Lately the publicity surrounding the state of housing in Cleveland has been largely negative. Stories of quick-buck property transactions involving dilapidated city houses have raised hackles throughout the city. But housing authorities say recent property-flipping schemes are an aberration, and that the health of Cleveland's real estate climate hasn't suffered from them. Efforts to boost the quality and appearance of Cleveland's neighborhoods are very much alive, in the form of programs designed to help homeowners maintain and improve their homes. One such program, the Cleveland Fix-up Fund, is relatively young, but growing. 90.3's Bill Rice reports.
Bill Rice- This is the sound of progress for people like Elitha Littlejohn, who lives in Cleveland's Mt. Pleasant Neighborhood. The schoolteacher recently had her small back porch replaced with a full deck, relocated her central air conditioning unit, and installed lights and a gate in the back yard to deter crime. Littlejohn considers her house not only her home, but also a long-term investment.
Elitha Littlejohn- Basically what I'm trying to do with my home is help it keep its value going up.
BR- Littlejohn was able to buy her house three years ago with the help of a city loan to cover the down payment, in addition to a bank mortgage. She says have essentially two mortgages made it tough to finance any improvements.
EL- The city gives you $8,000 and they put a lien on your house, so because I had what they called a second mortgage or a lien, a lot of places kind of turned me away.

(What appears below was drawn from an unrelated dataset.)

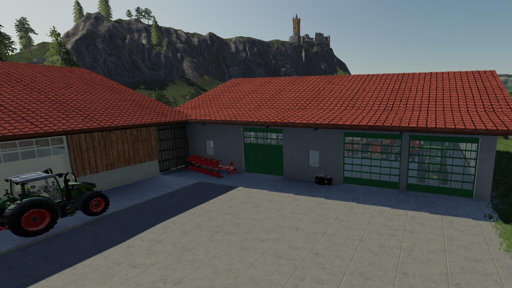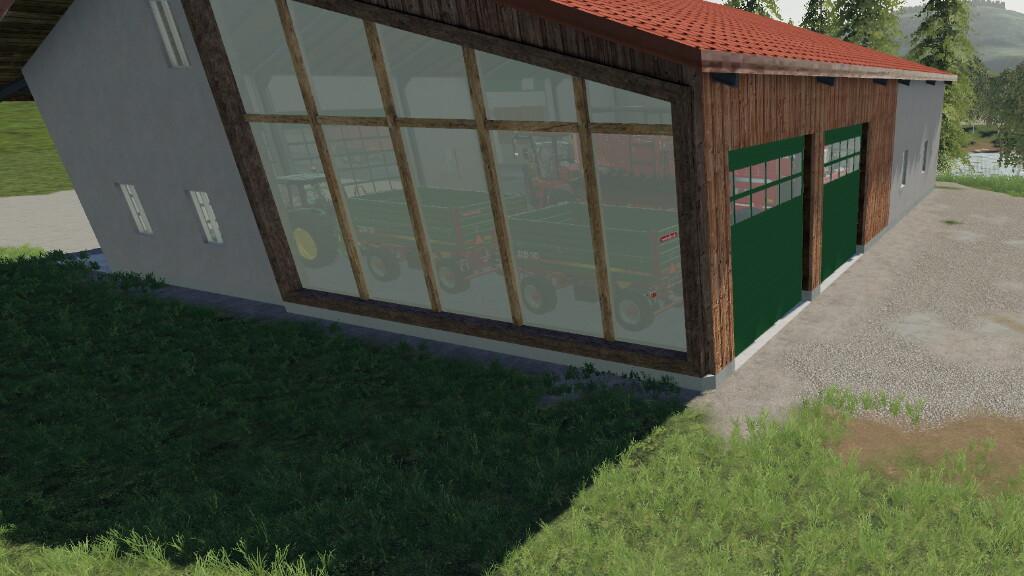 MOD ARCHITECTURE MODELL 2 V1.0.0.0 FOR FARMING SIMULATOR 2019 This building was developed in collaboration with the FarmingFive Group and is the second building in the Modern building series. To ensure that as much light as possible into the garage, not only light-transmitting gates were used, but an all-glass wall was designed, which also gives the building a characteristic appearance. Ideal for indoor work. Credits: farmerfivetom |

BR- Littlejohn later heard about the Cleveland Fix-up Fund, a home improvement loan program offered through neighborhood community development groups. It provides loans to homeowners at rates substantially below the market home-improvement rate. And it's geared to people like Littlejohn, who, because of her debt load, might otherwise be considered maxed out on credit. But besides the low rate, the Fix-up Fund program has other benefits that aren't available through regular commercial lenders. Joel Owens is a consultant to Neighborhood Progress, Inc., which manages the fund.
Joel Owens- They handle job specs, bidding out the job, construction monitoring, finding a contractor and watching that job throughout the process so you can be assured you'll get quality work.
BR- Susan Romano of the Slavic Village neighborhood was one of the early participants in the Fix-up Fund program. Like Elitha Littlejohn, she was a relatively new homeowner who struck out trying to get a conventional home improvement loan. Unlike Littlejohn, though, her home repair needs were a bit more urgent: local wildlife had taken up residence in her roof.
Susan Romano- I had pest control come out and trap. I trapped five squirrels upstairs in my house. I cut tree limbs down, I did whatever I could do. It got to the point where they were all over my roof then. It was a disaster, from one end of my house to the other it was nothing but a hole.
BR (to SR)- So you felt kind of trapped?
SR- Yes, I was trapped. I was afraid I was going to lose my house. I didn't have no money to fix it up. And then through Slavic village and city funding I got it.
BR- The Fix-up Fund started in June of 1999 as a pilot program, available in only five of Cleveland's neighborhoods. This summer the program was expanded to cover 11 additional neighborhoods, and fund officials hope it will eventually be available city-wide. In addition to benefiting individual homeowners, many foresee the day when the Fund will play a larger role in the overall health of Cleveland's housing climate. That's important to people like Ray Pianca, Cleveland's Housing Court Judge. Pianca says of the 17,000 housing cases that go through the court every year, 6,000 have to do with home repairs.
Ray Pianca- If you don't repair your home in Cleveland you can become a criminal defendant with a criminal record - if your gutters not fixed, your house isn't painted - you become a criminal defendant. We have 50 people in the courtroom today trying to find a way so that they don't become criminal defendants.
BR- Pianca says those cases often result in fines, and sometimes even jail time. Most of those subjected to serious penalties are investor owners, but some are owner/occupants. The Fix-up Fund is open to both owners and investors, and Pianca says it's a program the court hopes will be utilized more as neighborhoods push for more involvement from everyone in keeping up their communities.
RP- This is an alternative for the hoods in Cleveland - not only the counseling but the bidding and the repair inspection - very important aspects because when that doesn't work right we've seen people have to end up in court having to work on those problems in the court context, facing jail time or thousands of dollars in fines.
BR- The Fix-up Fund offers loans anywhere from $500 to $15,000. The current pilot period, funded through municipal and foundation grants, continues through mid-2001. Fund officials hope to make it a permanent city-wide program after that, to be paid for with city and county bond issues. Bill Rice, 90.3 WCPN, 90.3 FM.